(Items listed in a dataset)

==============================

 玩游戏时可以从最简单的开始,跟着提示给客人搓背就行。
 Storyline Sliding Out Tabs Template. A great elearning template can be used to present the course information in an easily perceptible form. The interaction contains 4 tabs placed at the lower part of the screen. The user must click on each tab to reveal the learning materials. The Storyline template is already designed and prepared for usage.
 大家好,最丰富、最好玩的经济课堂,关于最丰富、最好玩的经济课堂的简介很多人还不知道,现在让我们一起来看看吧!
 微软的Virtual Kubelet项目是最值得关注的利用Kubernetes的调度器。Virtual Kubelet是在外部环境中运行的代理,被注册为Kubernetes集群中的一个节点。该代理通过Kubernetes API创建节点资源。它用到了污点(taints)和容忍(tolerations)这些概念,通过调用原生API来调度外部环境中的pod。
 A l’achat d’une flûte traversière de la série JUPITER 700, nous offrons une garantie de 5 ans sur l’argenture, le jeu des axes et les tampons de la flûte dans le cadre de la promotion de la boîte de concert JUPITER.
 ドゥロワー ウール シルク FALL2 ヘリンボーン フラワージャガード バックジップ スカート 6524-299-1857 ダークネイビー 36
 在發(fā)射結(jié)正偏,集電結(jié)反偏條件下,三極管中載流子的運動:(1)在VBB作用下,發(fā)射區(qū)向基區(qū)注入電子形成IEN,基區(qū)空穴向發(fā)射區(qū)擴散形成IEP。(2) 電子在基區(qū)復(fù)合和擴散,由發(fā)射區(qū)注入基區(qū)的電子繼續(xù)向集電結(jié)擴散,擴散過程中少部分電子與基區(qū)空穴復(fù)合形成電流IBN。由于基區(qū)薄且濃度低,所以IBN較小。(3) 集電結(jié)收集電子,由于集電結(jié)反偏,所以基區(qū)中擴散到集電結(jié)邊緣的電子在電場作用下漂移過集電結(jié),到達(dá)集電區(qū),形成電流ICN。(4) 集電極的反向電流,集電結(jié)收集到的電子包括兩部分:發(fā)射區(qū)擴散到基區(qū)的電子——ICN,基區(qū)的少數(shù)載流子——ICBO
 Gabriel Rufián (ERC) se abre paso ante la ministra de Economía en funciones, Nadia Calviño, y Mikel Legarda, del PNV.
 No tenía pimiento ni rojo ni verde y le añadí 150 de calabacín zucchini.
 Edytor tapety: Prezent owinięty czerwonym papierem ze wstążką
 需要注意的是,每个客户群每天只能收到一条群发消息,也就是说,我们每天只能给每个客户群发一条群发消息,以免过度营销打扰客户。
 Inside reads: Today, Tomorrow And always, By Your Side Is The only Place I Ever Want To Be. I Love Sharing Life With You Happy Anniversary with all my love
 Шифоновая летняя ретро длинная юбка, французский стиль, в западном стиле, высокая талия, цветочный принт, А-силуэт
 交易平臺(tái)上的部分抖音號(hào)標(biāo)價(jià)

==============================

Task goal: Restate word for word only the lines running from the beginning of the data to the line holding "大家好,最丰富、最好玩的经济", both included.

Solution to the exercise:
 玩游戏时可以从最简单的开始,跟着提示给客人搓背就行。
 Storyline Sliding Out Tabs Template. A great elearning template can be used to present the course information in an easily perceptible form. The interaction contains 4 tabs placed at the lower part of the screen. The user must click on each tab to reveal the learning materials. The Storyline template is already designed and prepared for usage.
 大家好,最丰富、最好玩的经济课堂,关于最丰富、最好玩的经济课堂的简介很多人还不知道,现在让我们一起来看看吧!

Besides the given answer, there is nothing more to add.